First solution JOINS with the number of items in each order and MIN/MAX product in each order. This solution is based on the idea Peter proposed in this closed MS Connect Item Move T-SQL language closer to completion with a DIVIDE BY operator.

The second solution self-joins the table based on the ProductID using an extra condition of O1.OrderID < O2.Order2 (we're using < instead of <> in order to avoid opposite combinations), then groups by both OrderID columns and uses HAVING clause to make sure the number of products is the same as the number of products in each individual order. This HAVING idea is very typical for the Relational Division problem.

Interestingly, the number of combinations in AdventureWorks database is 1,062, 238 (more than rows in the SalesOrderDetail table itself). This is due to the fact that many orders consist of only single product.

The last solution is rather straightforward and uses XML PATH approach to get all products in one row for each order ID, then self-joins based on this new Products column.  This solution is not portable into other relational database languages but specific for T-SQL only.
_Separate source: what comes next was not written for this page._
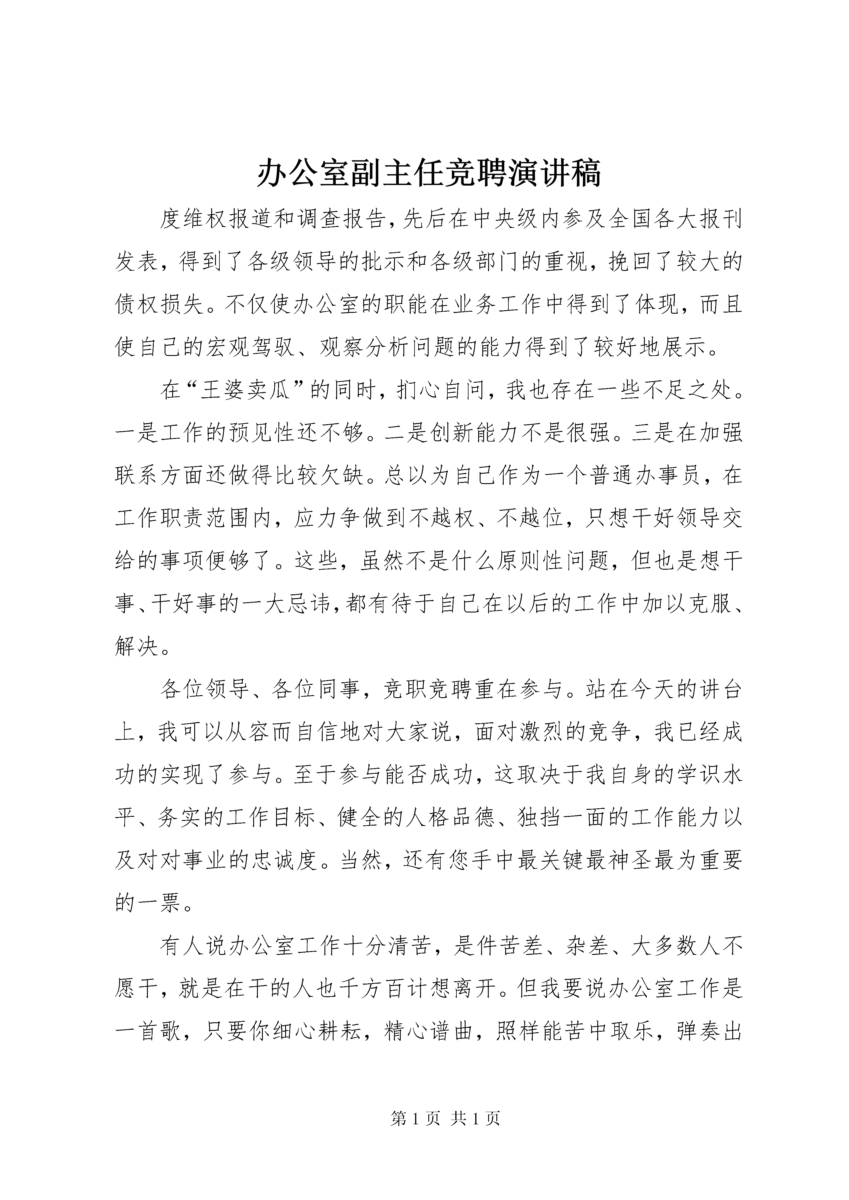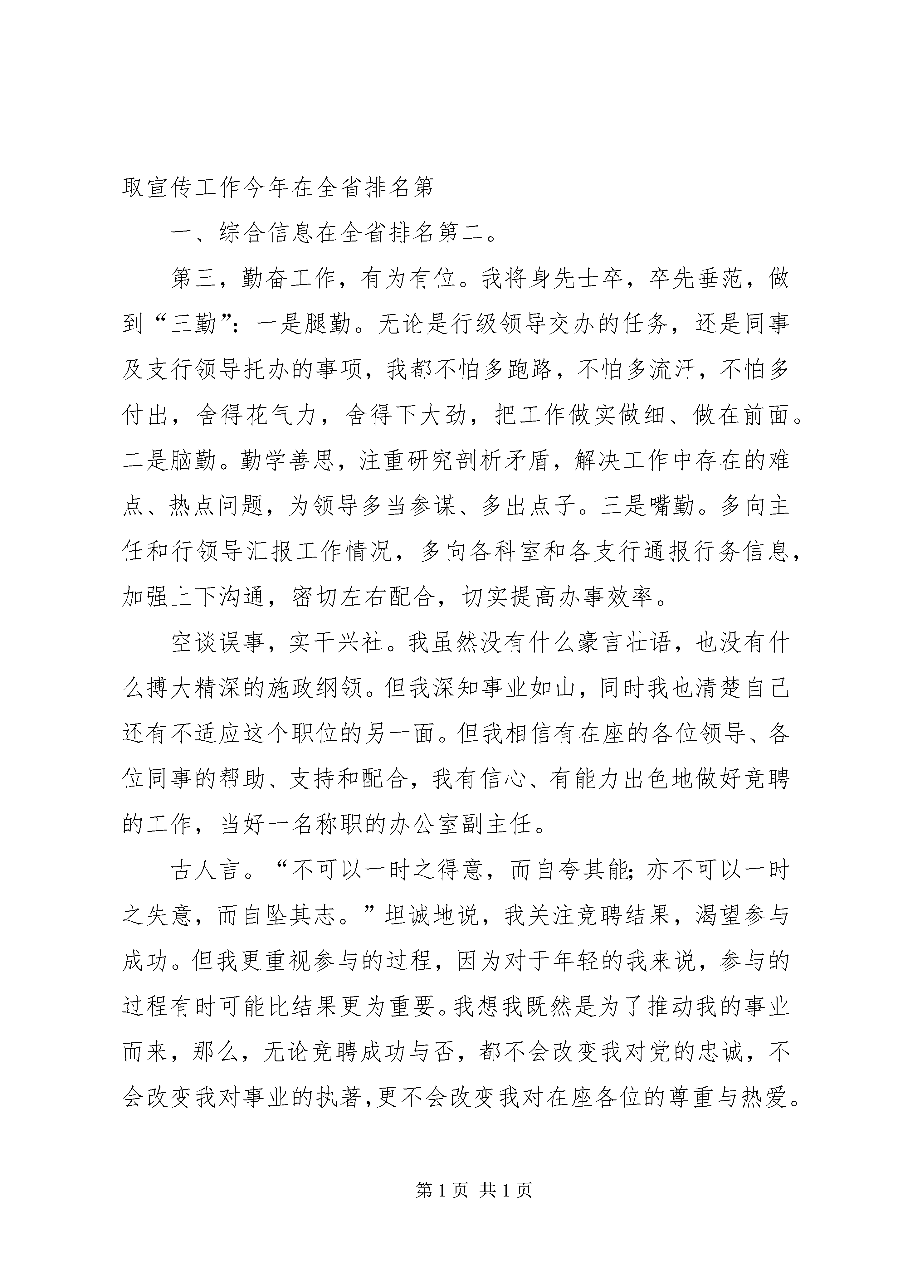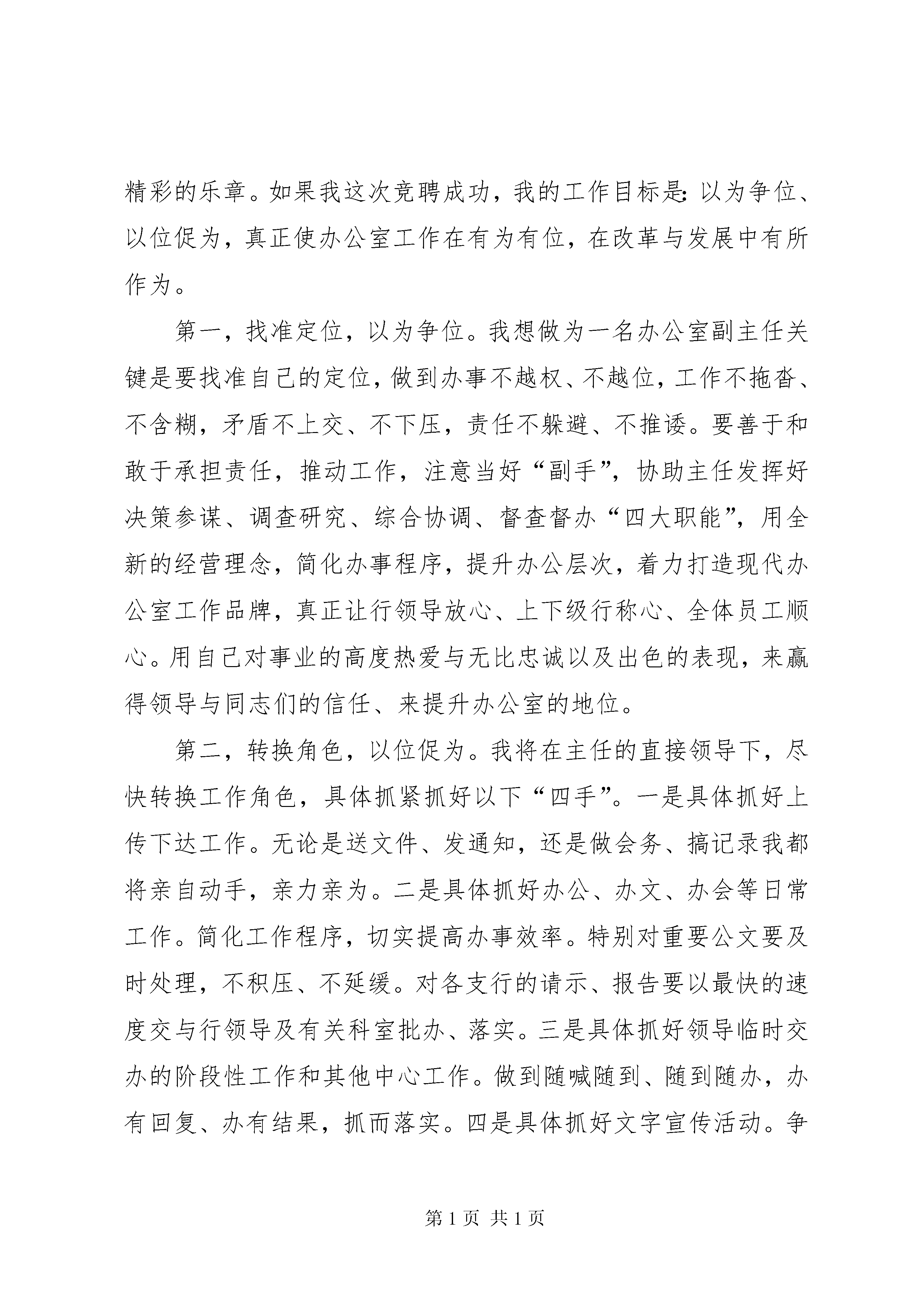 办公室副主任竞聘演讲稿度维权报道和调查报告,先后在中央级内参及全国各大报刊发表,得到了各级领导的批示和各级部门的重视,挽回了较大的债权损失。不仅使办公室的职能在业务工作中得到了体现,而且使自己的宏观驾驭、观察分析问题的能力得到了较好地展示。在“王婆卖瓜”的同时,扪心自问,我也存在一些不足之处。一是工作的预见性还不够。二是创新能力不是很强。三是在加强联系方面还做得比较欠缺。总以为自己作为一个普通办事员,在工作职责范围内,应力争做到不越权、不越位,只想干好领导交给的事项便够了。这些,虽然不是什么原则性问题,但也是想干事、干好事的一大忌讳,都有待于自己在以后的工作中加以克服、解决。各位领导、各位同事,竞职竞聘重在参与。站在今天的讲台上,我可以从容而自信地对大家说,面对激烈的竞争,我已经成功的实现了参与。至于参与能否成功,这取决于我自身的学识水平、务实的工作目标、健全的人格品德、独挡一面的工作能力以及对对事业的忠诚度。当然,还有您手中最关键最神圣最为重要的一票。有人说办公室工作十分清苦,是件苦差、杂差、大多数人不愿干,就是在干的人也千方百计想离开。但我要说办公室工作是一首歌,只要你细心耕耘,精心谱曲,照样能苦中取乐,弹奏出精彩的乐章。如果我这次竞聘成功,我的工作目标是:以为争位、以位促为,真正使办公室工作在有为有位,在改革与发展中有所作为。第一,找准定位,以为争位。我想做为一名办公室副主任关键是要找准自己的定位,做到办事不越权、不越位,工作不拖沓、不含糊,矛盾不上交、不下压,责任不躲避、不推诿。要善于和敢于承担责任,推动工作,注意当好“副手”,协助主任发挥好决策参谋、调查研究、综合协调、督查督办“四大职能”,用全新的经营理念,简化办事程序,提升办公层次,着力打造现代办公室工作品牌,真正让行领导放心、上下级行称心、全体员工顺心。用自己对事业的高度热爱与无比忠诚以及出色的表现,来赢得领导与同志们的信任、来提升办公室的地位。第二,转换角色,以位促为。我将在主任的直接领导下,尽快转换工作角色,具体抓紧抓好以下“四手”。一是具体抓好上传下达工作。无论是送文件、发通知,还是做会务、搞记录我都将亲自动手,亲力亲为。二是具体抓好办公、办文、办会等日常工作。简化工作程序,切实提高办事效率。特别对重要公文要及时处理,不积压、不延缓。对各支行的请示、报告要以最快的速度交与行领导及有关科室批办、落实。三是具体抓好领导临时交办的阶段性工作和其他中心工作。做到随喊随到、随到随办,办有回复、办有结果,抓而落实。四是具体抓好文字宣传活动。争取宣传工作今年在全省排名第一、综合信息在全省排名第二。第三,勤奋工作,有为有位。我将身先士卒,卒先垂范,做到“三勤”:一是腿勤。无论是行级领导交办的任务,还是同事及支行领导托办的事项,我都不怕多跑路,不怕多流汗,不怕多付出,舍得花气力,舍得下大劲,把工作做实做细、做在前面。二是脑勤。勤学善思,注重研究剖析矛盾,解决工作中存在的难点、热点问题,为领导多当参谋、多出点子。三是嘴勤。多向主任和行领导汇报工作情况,多向各科室和各支行通报行务信息,加强上下沟通,密切左右配合,切实提高办事效率。空谈误事,实干兴社。我虽然没有什么豪言壮语,也没有什么搏大精深的施政纲领。但我深知事业如山,同时我也清楚自己还有不适应这个职位的另一面。但我相信有在座的各位领导、各位同事的帮助、支持和配合,我有信心、有能力出色地做好竞聘的工作,当好一名称职的办公室副主任。古人言。“不可以一时之得意,而自夸其能;亦不可以一时之失意,而自坠其志。”坦诚地说,我关注竞聘结果,渴望参与成功。但我更重视参与的过程,因为对于年轻的我来说,参与的过程有时可能比结果更为重要。我想我既然是为了推动我的事业而来,那么,无论竞聘成功与否,都不会改变我对党的忠诚,不会改变我对事业的执著,更不会改变我对在座各位的尊重与热爱。总之,无论怎样,我都会用同样年轻的心态,直面挑战,笑对人生。给我一次机会,我将还您十分精彩。这就是我永恒不变的信念和这次竞聘的诺言。

Interestingly, it performs better than second 'true' Relational Division solution as you can see in this picture.

As you can see, the first query takes 0%, second 60% while the last takes 40% of the execution time.

The last solution, however, is also not very flexible and is only suitable for finding exact matches.

These are results I got on SQL Server 2012 SP1 64 bit (they are much better on SQL Server 2014 CTP according to Peter):

PESO Solution

SQL Server Execution Times:
CPU time = 35272 ms,  elapsed time = 114920 ms.

Common Relational Division /CELKO/Naomi solution

SQL Server Execution Times:
CPU time = 478703 ms,  elapsed time = 214748 ms.

XML PATH de-normalization solution

SQL Server Execution Times:
CPU time = 5054 ms,  elapsed time = 14069 ms.

# Best Exact Match Solution

Peter sent yet another variation of the solution for the integer Product ID (this solution will not work if the product ID /Item ID uses character or GUID key).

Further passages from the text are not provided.